◆ **TASK TO COMPLETE**
The entries are to be reproduced verbatim, and their pictures left out.
----
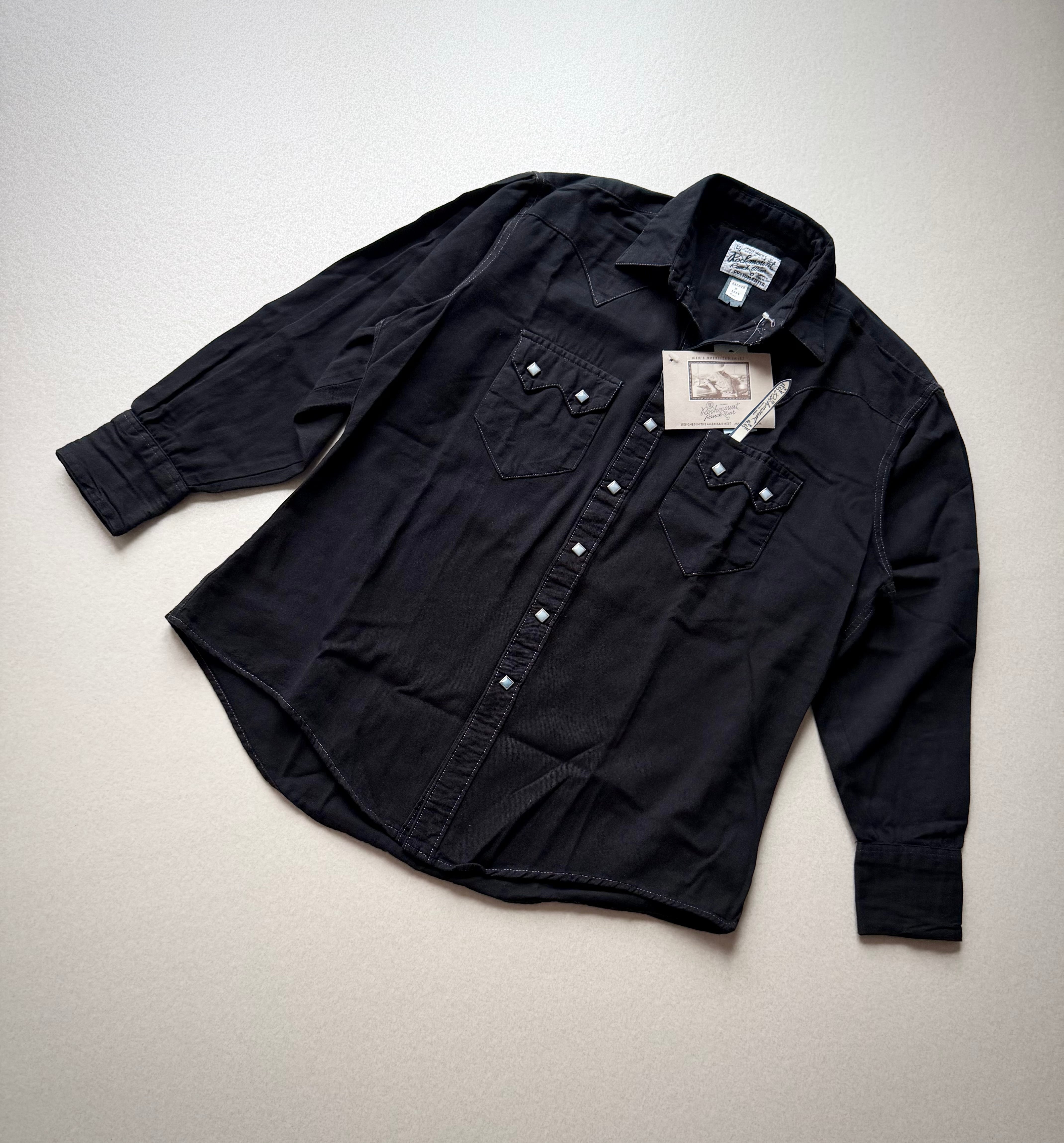 DEAD STOCK MADE IN USA “ ROCK MOUNT ” CUSTOM FITTED BLACK TWILL WESTERN SHIRT OLD VINTAGE 。
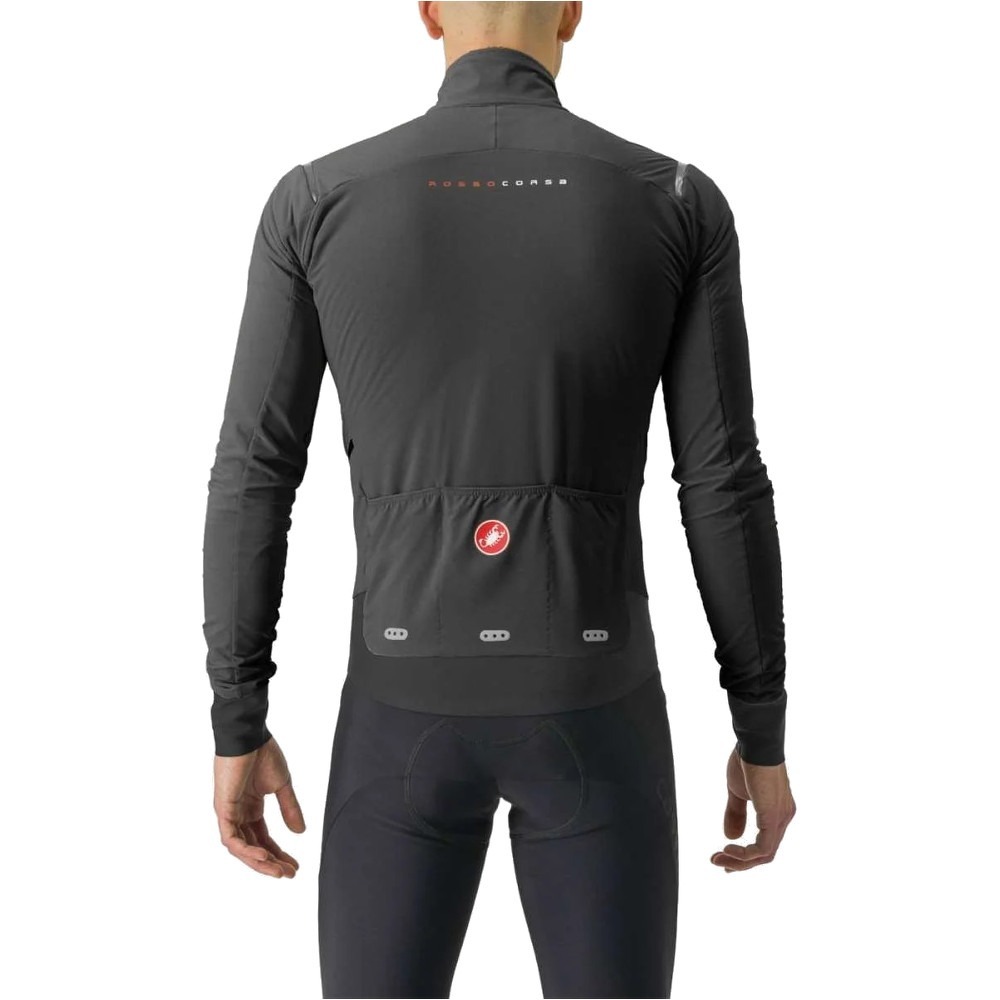 Dla wygody użytkownika producent umieścił z przodu kurtki rowerowej Castelli Alpha Flight RoS kieszonkę boczną zapinaną na zamek błyskawiczny, które świetnie sprawdzi się do przechowywania najcenniejszych przedmiotów. Z kolei w tylnej części znalazły się 3 kieszenie wycinane laserowo, do których kolarz ma zawsze łatwy dostęp w czasie jazdy.
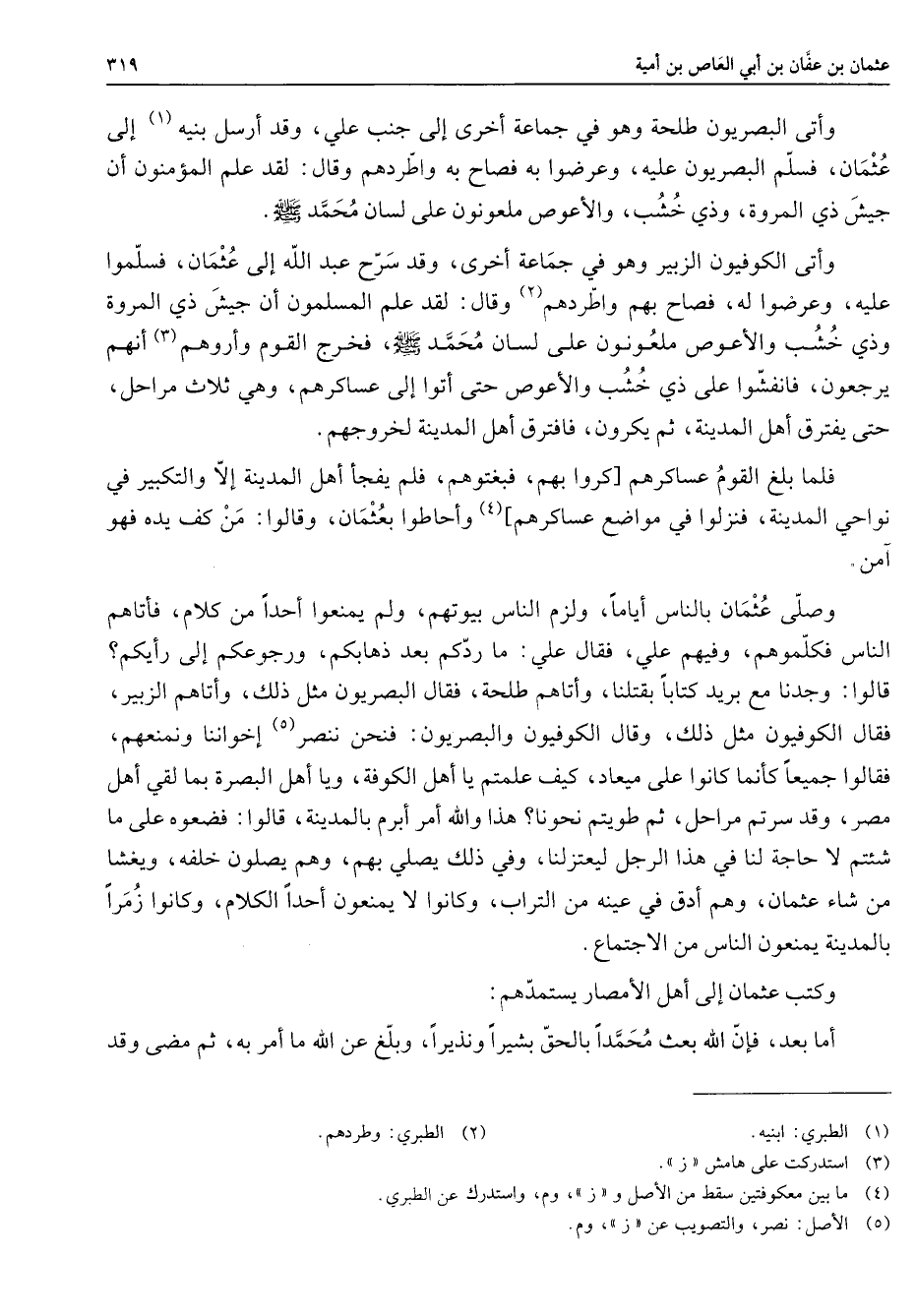 وأتى البصريون طلحة وهو في جماعة أخرى إلى جنب علي وقد أرسل بنيه (1) إلى عثمان فسلم البصريون عليه وعرضوا به فصاح به واطردهم وقال لقد علم المؤمنون أن جيش ذي المروة وذي خشب والأعوص ملعونون على لسان محمد (صلى الله عليه وسلم) وأتى الكوفيون الزبير وهو في جماعة أخرى وقد سرح عبد الله إلى عثمان فسلموا عليه وعرضوا له فصاح بهم واطردهم (2) وقال لقد علم المسلمون أن جيش ذي المروة وذي خشب والأعوص ملعونون على لسان محمد (صلى الله عليه وسلم) فخرج القوم وأروهم (3) أنهم يرجعون فانفشوا على ذي خشب والأعوص حتى أتوا إلى عساكرهم وهي ثلاث مراحل حتى يفترق أهل المدينة ثم يكرون فافترق أهل المدينة لخروجهم فلما بلغ القوم عساكرهم [كروا بهم فبغتوهم فلم يفجأ أهل المدينة إلا والتكبير في نواحي المدينة فنزلوا في مواضع عساكرهم] (4) وأحاطوا بعثمان وقالوا من كف يده فهو آمن وصلى عثمان بالناس أياما ولزم الناس بيوتهم ولم يمنعوا أحدا من كلام فأتاهم الناس فكلموهم وفيهم علي فقال علي ما ردكم بعد ذهابكم ورجوعكم إلى رأيكم قالوا وجدنا مع بريد كتابا بقتلنا وأتاهم طلحة فقال البصريون مثل ذلك وأتاهم الزبير فقال الكوفيون مثل ذلك وقال الكوفيون والبصريون فنحن ننصر (5) إخواننا ونمنعهم فقالوا جميعا كأنما كانوا على ميعاد كيف علمتم يا أهل الكوفة ويا أهل البصرة بما لقي أهل مصر وقد سرتم مراحل ثم طويتم نحونا هذا والله أمر أبرم بالمدينة قالوا فضعوه على ما شئتم لا حاجة لنا في هذا الرجل ليعتزلنا وفي ذلك يصلي بهم وهم يصلون خلفه ويغشا من شاء عثمان وهم أدق في عينه من التراب وكانوا لا يمنعون أحدا الكلام وكانوا زمرا بالمدينة يمنعون الناس من الاجتماع وكتب عثمان إلى أهل الأمصار يستمدهم أما بعد فإن الله بعث محمدا بالحق بشيرا ونذيرا وبلغ عن الله ما أمر به ثم مضى وقد
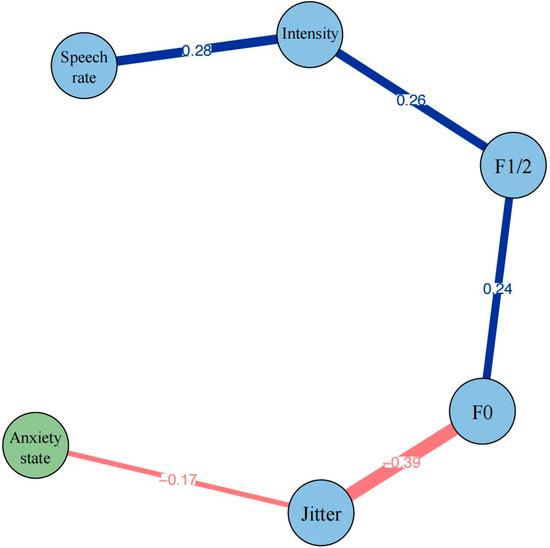 Network structure of anxiety state and speech indicators in total group. Blue edges represent positive correlations and red edges represent negative correlations. The thickness of the edge reflects the magnitude of the correlation. The value on the edge represents the edge weights of two corresponding nodes.
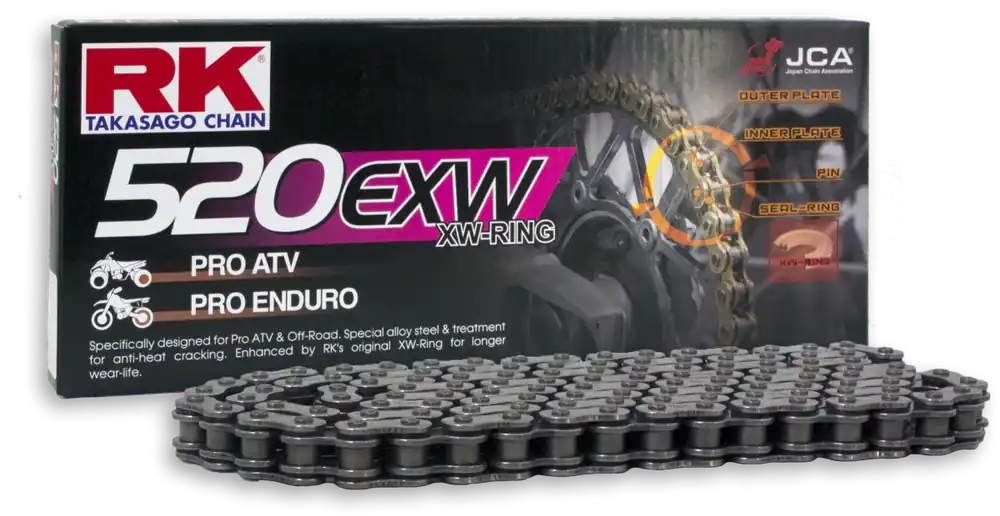 Met de RK 520EXW kies je voor kwaliteit. De super versterkte ketting is niet alleen ontworpen om te presteren, maar ook om jou als motorrijder gemoedsrust te geven. Je kunt met vertrouwen de weg op, wetende dat je motor is uitgerust met een betrouwbare ketting die zijn kracht en stabiliteit behoudt.
----
◆ **RESULT BELOW**
 DEAD STOCK MADE IN USA “ ROCK MOUNT ” CUSTOM FITTED BLACK TWILL WESTERN SHIRT OLD VINTAGE 。
 Dla wygody użytkownika producent umieścił z przodu kurtki rowerowej Castelli Alpha Flight RoS kieszonkę boczną zapinaną na zamek błyskawiczny, które świetnie sprawdzi się do przechowywania najcenniejszych przedmiotów. Z kolei w tylnej części znalazły się 3 kieszenie wycinane laserowo, do których kolarz ma zawsze łatwy dostęp w czasie jazdy.
 وأتى البصريون طلحة وهو في جماعة أخرى إلى جنب علي وقد أرسل بنيه (1) إلى عثمان فسلم البصريون عليه وعرضوا به فصاح به واطردهم وقال لقد علم المؤمنون أن جيش ذي المروة وذي خشب والأعوص ملعونون على لسان محمد (صلى الله عليه وسلم) وأتى الكوفيون الزبير وهو في جماعة أخرى وقد سرح عبد الله إلى عثمان فسلموا عليه وعرضوا له فصاح بهم واطردهم (2) وقال لقد علم المسلمون أن جيش ذي المروة وذي خشب والأعوص ملعونون على لسان محمد (صلى الله عليه وسلم) فخرج القوم وأروهم (3) أنهم يرجعون فانفشوا على ذي خشب والأعوص حتى أتوا إلى عساكرهم وهي ثلاث مراحل حتى يفترق أهل المدينة ثم يكرون فافترق أهل المدينة لخروجهم فلما بلغ القوم عساكرهم [كروا بهم فبغتوهم فلم يفجأ أهل المدينة إلا والتكبير في نواحي المدينة فنزلوا في مواضع عساكرهم] (4) وأحاطوا بعثمان وقالوا من كف يده فهو آمن وصلى عثمان بالناس أياما ولزم الناس بيوتهم ولم يمنعوا أحدا من كلام فأتاهم الناس فكلموهم وفيهم علي فقال علي ما ردكم بعد ذهابكم ورجوعكم إلى رأيكم قالوا وجدنا مع بريد كتابا بقتلنا وأتاهم طلحة فقال البصريون مثل ذلك وأتاهم الزبير فقال الكوفيون مثل ذلك وقال الكوفيون والبصريون فنحن ننصر (5) إخواننا ونمنعهم فقالوا جميعا كأنما كانوا على ميعاد كيف علمتم يا أهل الكوفة ويا أهل البصرة بما لقي أهل مصر وقد سرتم مراحل ثم طويتم نحونا هذا والله أمر أبرم بالمدينة قالوا فضعوه على ما شئتم لا حاجة لنا في هذا الرجل ليعتزلنا وفي ذلك يصلي بهم وهم يصلون خلفه ويغشا من شاء عثمان وهم أدق في عينه من التراب وكانوا لا يمنعون أحدا الكلام وكانوا زمرا بالمدينة يمنعون الناس من الاجتماع وكتب عثمان إلى أهل الأمصار يستمدهم أما بعد فإن الله بعث محمدا بالحق بشيرا ونذيرا وبلغ عن الله ما أمر به ثم مضى وقد
 Network structure of anxiety state and speech indicators in total group. Blue edges represent positive correlations and red edges represent negative correlations. The thickness of the edge reflects the magnitude of the correlation. The value on the edge represents the edge weights of two corresponding nodes.
 Met de RK 520EXW kies je voor kwaliteit. De super versterkte ketting is niet alleen ontworpen om te presteren, maar ook om jou als motorrijder gemoedsrust te geven. Je kunt met vertrouwen de weg op, wetende dat je motor is uitgerust met een betrouwbare ketting die zijn kracht en stabiliteit behoudt.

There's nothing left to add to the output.